Chest pain, shortness of breath, and an irregular EKG are hallmarks of a heart attack. However, some people exhibiting these symptoms may actually be experiencing takotsubo syndrome (TTS), a weakening of the left ventricle. The majority of cases of TTS, which is more prevalent in women, are caused by acute stress, such as unexpected loss, serious illness, intense fear, or a violent interaction. During the COVID-19 pandemic, there has been an approximately 4.5-fold increase in the incidence of TTS cases.
Sometimes called “broken-heart syndrome,” TTS is temporary and reversible, unlike heart attacks, which kill about 655,000 Americans every year. However, when a person with TTS is misdiagnosed, they are unnecessarily subjected to invasive treatments and hospital exposure. And yet telling the two apart in the midst of trauma care can be challenging.
As part of an Obermann Interdisciplinary Research Grant, two University of Iowa faculty members, Xiaodong Wu, professor of electrical and computer engineering in the College of Engineering, and Kan Liu, professor of cardiovascular medicine in the Carver College of Medicine, are developing an AI model based on bedside echocardiography videos that can distinguish TTS from myocardial infarction. “This project will help us to seek the ultimate goal of improving (differential) diagnostic accuracy and efficiency to support frontline physicians’ decision-making under challenging clinical conditions,” says Wu.
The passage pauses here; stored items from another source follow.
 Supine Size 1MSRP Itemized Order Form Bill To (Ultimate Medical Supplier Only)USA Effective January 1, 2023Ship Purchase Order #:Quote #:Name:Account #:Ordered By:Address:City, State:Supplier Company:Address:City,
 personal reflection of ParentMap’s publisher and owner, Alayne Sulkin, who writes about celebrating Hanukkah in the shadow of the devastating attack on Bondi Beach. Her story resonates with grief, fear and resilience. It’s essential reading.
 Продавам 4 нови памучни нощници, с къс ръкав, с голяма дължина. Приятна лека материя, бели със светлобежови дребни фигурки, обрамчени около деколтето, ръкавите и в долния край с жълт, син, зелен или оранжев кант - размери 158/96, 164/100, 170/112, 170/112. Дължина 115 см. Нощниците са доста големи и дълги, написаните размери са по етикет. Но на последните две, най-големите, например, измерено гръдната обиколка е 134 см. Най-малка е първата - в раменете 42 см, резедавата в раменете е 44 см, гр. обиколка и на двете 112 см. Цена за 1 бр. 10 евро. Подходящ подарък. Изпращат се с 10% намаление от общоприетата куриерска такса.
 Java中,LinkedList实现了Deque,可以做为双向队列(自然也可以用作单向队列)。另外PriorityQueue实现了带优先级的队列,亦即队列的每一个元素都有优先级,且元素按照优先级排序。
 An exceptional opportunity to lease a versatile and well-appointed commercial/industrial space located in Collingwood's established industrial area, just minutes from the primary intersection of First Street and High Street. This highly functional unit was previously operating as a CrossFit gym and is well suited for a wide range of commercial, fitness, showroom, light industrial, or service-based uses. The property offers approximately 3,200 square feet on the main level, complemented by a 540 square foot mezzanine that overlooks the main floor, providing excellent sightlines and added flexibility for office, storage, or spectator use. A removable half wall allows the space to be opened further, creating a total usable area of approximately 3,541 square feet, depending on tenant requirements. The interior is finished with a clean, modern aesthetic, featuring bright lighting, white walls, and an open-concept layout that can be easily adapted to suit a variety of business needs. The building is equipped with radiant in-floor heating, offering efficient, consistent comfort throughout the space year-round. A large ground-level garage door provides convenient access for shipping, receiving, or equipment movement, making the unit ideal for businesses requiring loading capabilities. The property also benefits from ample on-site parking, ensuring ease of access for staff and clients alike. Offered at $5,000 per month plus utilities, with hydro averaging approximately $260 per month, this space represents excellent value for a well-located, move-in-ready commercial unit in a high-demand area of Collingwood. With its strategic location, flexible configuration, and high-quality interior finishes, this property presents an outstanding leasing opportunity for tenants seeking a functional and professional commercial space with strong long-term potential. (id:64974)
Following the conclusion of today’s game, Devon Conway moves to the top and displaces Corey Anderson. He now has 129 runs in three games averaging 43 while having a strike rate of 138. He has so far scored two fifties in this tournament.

The project necessitates combining expertise in computer science and cardiovascular medicine. Wu is responsible for developing and validating the AI algorithms, while Liu is responsible for collecting clinical and imaging data. By early July, they hope to have a proof-of-concept for AI’s ability to distinguish between the two diseases. They will complete and submit a manuscript with the intention of informing other practitioners of their method’s efficacy.